AI Models¶
This document provides comprehensive documentation of the AI model architecture and prediction pipeline used in the CulicidaeLab Server for mosquito species identification.
Overview¶
CulicidaeLab employs a sophisticated machine learning pipeline for automated mosquito species identification from images. The system integrates the culicidaelab Python library (version ≥0.2.2) with FastAI (version 2.7.0-2.8.0) to provide accurate, real-time species classification.
Model Architecture¶
MosquitoClassifier¶
The core AI component is the MosquitoClassifier class from the culicidaelab library, which provides:
- Deep Learning Framework: Built on FastAI for robust image classification
- Pre-trained Models: Leverages transfer learning from established computer vision models
- Species-Specific Training: Trained on curated mosquito image datasets
- Confidence Scoring: Provides probability distributions across species classes
Model Configuration¶
class PredictionService:
def __init__(self):
self.model = None
self.model_loaded = False
self.lib_settings = get_settings()
self.save_predicted_images_enabled = app_settings.SAVE_PREDICTED_IMAGES
Key Configuration Parameters:¶
- Model Architecture: Configurable via
predictors.classifier.model_archsetting - Model Weights: Loaded from
predictors.classifier.filenamepath - Input Processing: Automatic image preprocessing and normalization
- Output Format: Structured prediction results with confidence scores
Prediction Pipeline¶
Image Processing Workflow¶
flowchart TD
A[Raw Image Input] --> B[Image Validation]
B --> C[Format Conversion]
C --> D[Preprocessing]
D --> E[Model Inference]
E --> F[Post-processing]
F --> G[Result Generation]
G --> H[Optional Image Storage] 1. Image Input and Validation¶
async def predict_species(self, image_data: bytes, filename: str):
"""Process image data for species prediction."""
image = Image.open(io.BytesIO(image_data)).convert("RGB")

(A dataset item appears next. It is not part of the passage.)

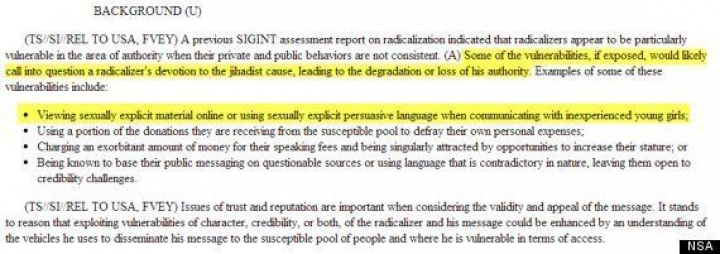 De acuerdo con dicho documento, la NSA cree que el uso de la vigilancia electrónica para desvelar actividades sexuales en la web puede dificultar a estos “radicalizadores” mantener su credibilidad. “Sólo con las páginas de acceso, se revelan puntos débiles que podrían aprovecharse de forma más efectiva si se emplearan en combinación con las vulnerabilidades del carácter y/o de la credibilidad del mensaje para elaborar una percepción del mensajero así como de sus seguidores”.

image_np = np.array(image)
Input Requirements: - Supported Formats: JPEG, PNG, and other PIL-compatible formats - Color Space: Automatic conversion to RGB - Size Limits: Configurable maximum image dimensions - Quality: No specific quality requirements (model handles various qualities)
2. Preprocessing Pipeline¶
The preprocessing pipeline includes:
- Color Space Normalization: RGB conversion and channel normalization
- Resizing: Automatic scaling to model input dimensions
- Data Augmentation: Runtime augmentation for improved robustness
- Tensor Conversion: NumPy array to model-compatible format
3. Model Inference¶
Inference Process: - Forward Pass: Single inference through the neural network - Probability Distribution: Softmax output across all species classes - Top-K Results: Returns ranked predictions with confidence scores - Performance: Optimized for real-time inference (< 1 second typical)
4. Result Processing¶
result = PredictionResult(
scientific_name=top_species,
probabilities={species: float(conf) for species, conf in predictions[:2]},
id=species_id,
model_id=self.model_id,
confidence=float(top_confidence),
image_url_species=image_url_species,
)
Model Performance¶
Accuracy Metrics¶
The model performance is evaluated using standard classification metrics:
- Top-1 Accuracy: Percentage of correct top predictions
- Top-5 Accuracy: Percentage where correct species is in top 5 predictions
- Confidence Calibration: Alignment between predicted confidence and actual accuracy
- Species-Specific Performance: Per-species precision and recall metrics
Confidence Scoring¶
The system provides calibrated confidence scores:
- Range: 0.0 to 1.0 (0% to 100% confidence)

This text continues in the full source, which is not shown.